Midway through the episode, the spotlight shifts to their special guest, Kane Brown, a renowned figure in country music. The hosts describe their experience staying with Kane and his family, emphasizing the warmth and camaraderie shared.
"[00:35] When we do guests, we do about 45 minutes to an hour of just me and co-host Cam. But in the middle of the episode, guess who we have coming on. The legend himself, the face of country music and our good friend, Kane Brown."
– Peyton Hardin
Kane Brown's Insights: Kane discusses his journey in music, the evolution of his performances, and the emotional depth of his latest album.
"[42:06] It's a beautiful album. We love you guys. Enjoy KB the you should know podcast."
– Kane Brown
This collaboration enriches the episode, blending humor with meaningful conversations about music and personal growth.
To keep the energy high, the hosts and Kane engage in interactive games like "Would You Rather," fostering a fun and engaging atmosphere.
Example Game - Traffic Scenario: Cameron poses a scenario about being stuck in traffic with either Peyton or himself.
"[73:14] Would you rather be stuck in four hours, bumper to bumper traffic with a broken radio with only Peyton or only Cam?"
– Cameron Kennedy
The playful competition continues with various other fun and sometimes absurd questions, showcasing their spontaneity and ease with each other.
Kane shares behind-the-scenes stories from his tours, the process of creating his music, and his experiences connecting with fans.
"[45:06] When we went to the listening party, we were like, Jesus Christ. It was so good."
– Kane Brown
Peyton and Cameron's Experiences: The hosts discuss their own performances, the challenges of handling large audiences, and the mutual support they provide each other.
"[53:43] I can't imagine our shows are probably, like, 800 people at our shows, and I throw up so much before our shows.

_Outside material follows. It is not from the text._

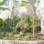 輸入住宅にも合うように、コニファーやオリーブを中心とした植栽プランでご提案させていただきました。 グランドカバーはハーブを植え、花が多く咲くお庭になりました。
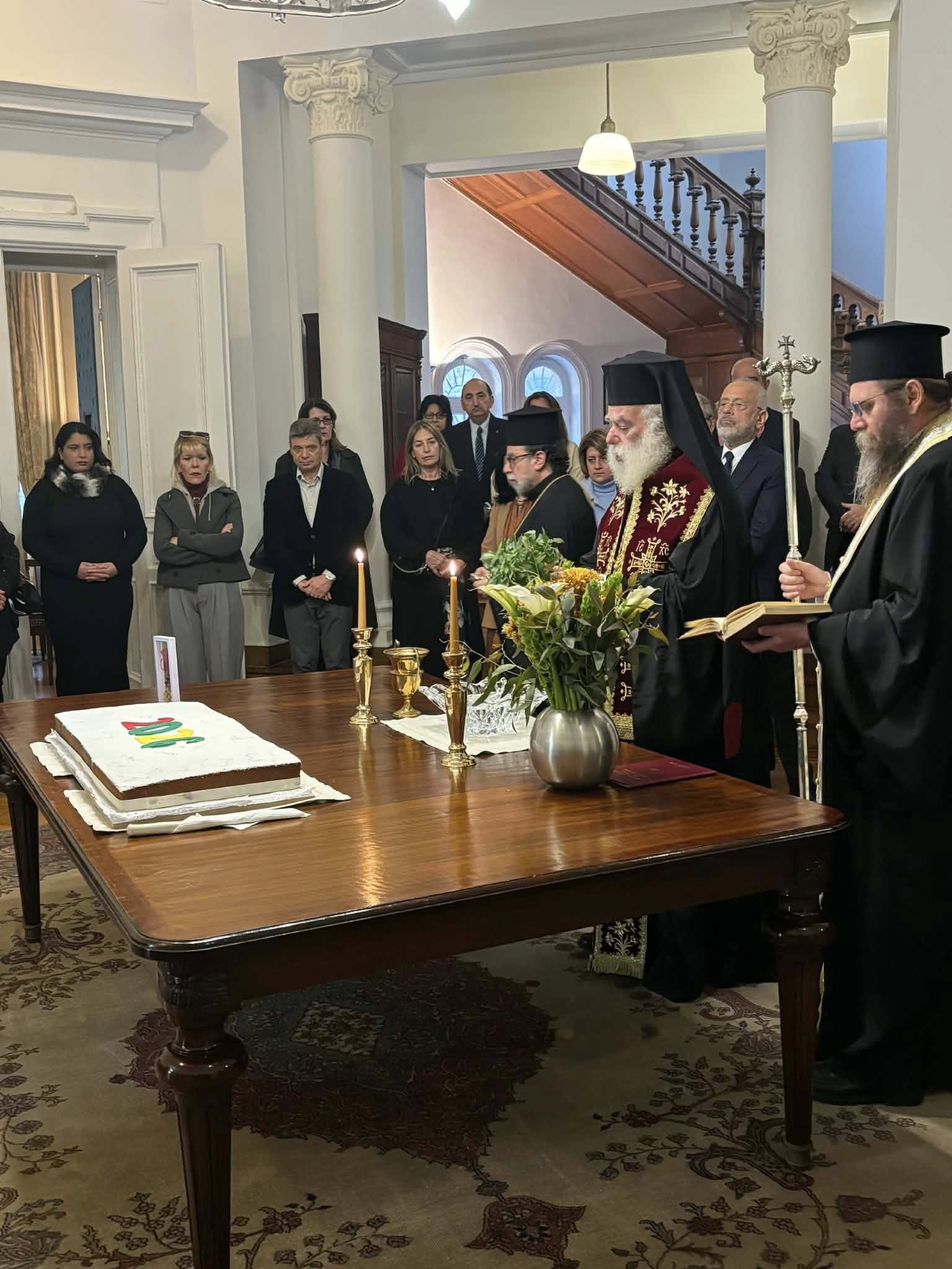 Η Πρεσβεία, για άλλη μία χρονιά, υποδέχθηκε με ιδιαίτερη χαρά και τιμή τον Πατριάρχη Αλεξανδρείας και συνεόρτασε το παραδοσιακό έθιμο με στελέχη των ελληνικών Διπλωματικών Αρχών στην Αίγυπτο, εκπροσώπους και μέλη φορέων της Ομογένειας, εκπαιδευτικούς των ελληνικών σχολείων Καΐρου κ.ά.

I'm pacing, my mouth's bleeding. I can't. I can't do it."
– Peyton Hardin
These narratives offer listeners an inside look into the lives of performers, blending personal struggles with professional achievements.
As the episode nears its end, the hosts and Kane continue their jovial interaction, sharing final jokes, reflections, and expressing mutual appreciation.
"[131:53] Love y'all."
– Kane Brown
Their genuine camaraderie leaves listeners with a warm feeling, reinforcing the podcast's theme of friendship and openness.
"We got to create relationships that love you back."
– Peyton Hardin [23:00]
"I'm telling you, that's the broken time. Broken time."
– Cannon Kennedy [16:23]
"She asks about you frequently."
– Cameron Kennedy [11:21]
"I saw you were like, okay, dope. And we talked for, like, five minutes. And I was like, this is, like, the most normal guy ever."
– Kane Brown [51:17]
This episode of the "You Should Know Podcast" masterfully balances humor, personal stories, and meaningful conversations, especially with the inclusion of Kane Brown. Peyton and Cameron's dynamic showcases their ability to engage listeners through relatable anecdotes and entertaining debates, all while celebrating friendship and personal growth. Whether sharing childhood mishaps or discussing the intricacies of music creation, the hosts deliver an enriching and enjoyable listening experience.